Mr DEPUTY SPEAKER -Order! The motion that an extension of time be granted to the honourable member for Gwydir has not been seconded.


Mr Whitlam - I will second the motion if necessary. All I am saying is that for reasons of which honourable members are aware, I have a lot of commitments this afternoon. I will agree to an extension of time being granted if I am permitted to finish my speech before the luncheon suspension.

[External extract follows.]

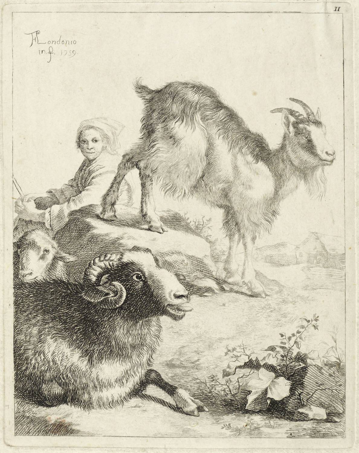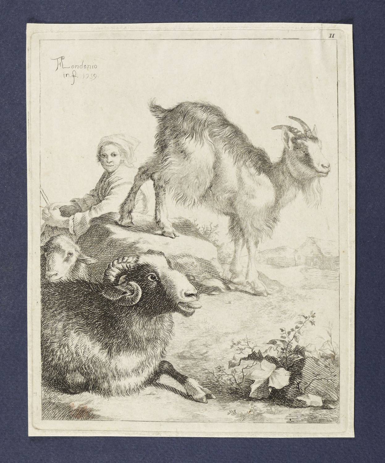 In der Platte links oben signiert und datiert: ″FLondonio M. f. 1759″. Rechts oben nummeriert: ″11″. – Aus einer Radier-Folge ″Pastoralen″ mit 17 Blättern, gewidmet Kardinal Pozzobonelli. – Schmaler Rand um die Platte. In der rechten oberen Ecke schwach ausgeprägte Quetschfalte. Insgesamt guter Zustand.

Question resolved in the affirmative.


Mr HUNT - I thank the House and the Prime Minister for granting this extension of time. Unless the present Minister for Aboriginal Affairs can provide adequate and satisfactory explanation of the allegations made by Senator Georges I will certainly move in this House for the establishment of a royal commission to inquire into the whole ambit of Aboriginal welfare administration. In the light of the serious allegations made by Senator Georges that the whole field of Aboriginal affairs has developed into a disaster area littered with failures, that large sums of money have been expended with questionable results and that other serious developments have taken place, there should be no question of the Prime Minister himself undertaking this initiative. We acknowledge that many of these projects were commenced during the term of the former Government. But this does not mean that the Parliament should allow further failures to develop. Unless the Government can satisfactorily answer the charges that have been made and unless the papers are tabled to the satisfaction of the Parliament, I will give notice to this House in relation to the establishment of a royal commission. It is essential that generous funds be provided to help advance the Aboriginal community, but it is even more important to ensure that those funds are expended to the fullest advantage of the Aboriginal people. The Aboriginal people and the Australian community must have grave doubts as to whether the Australian Government has adequate administrative responsibility and capacity to take over responsibility for Aboriginal advancement in the States as from 1 January. I say this because of a mix-up that occurred with the Victorian Government with respect to housing. On 4 September Mr Dickie announced that the Commonwealth would be taking over the responsibility for Aboriginal housing in Victoria. Yet 22 days later he announced that the Commonwealth Minister had written to him saying that the Commonwealth would not be taking over responsibility, that it would remain the responsibility of the Victorian government. It is one thing to seek powers and to invite the States to transfer the very heavy problem of Aboriginal advancement to the Commonwealth but it is another thing to safeguard the interests of the Aboriginal people by ensuring that we have the necessary administrative machinery to ensure that they progress along a road towards advancement which is long overdue.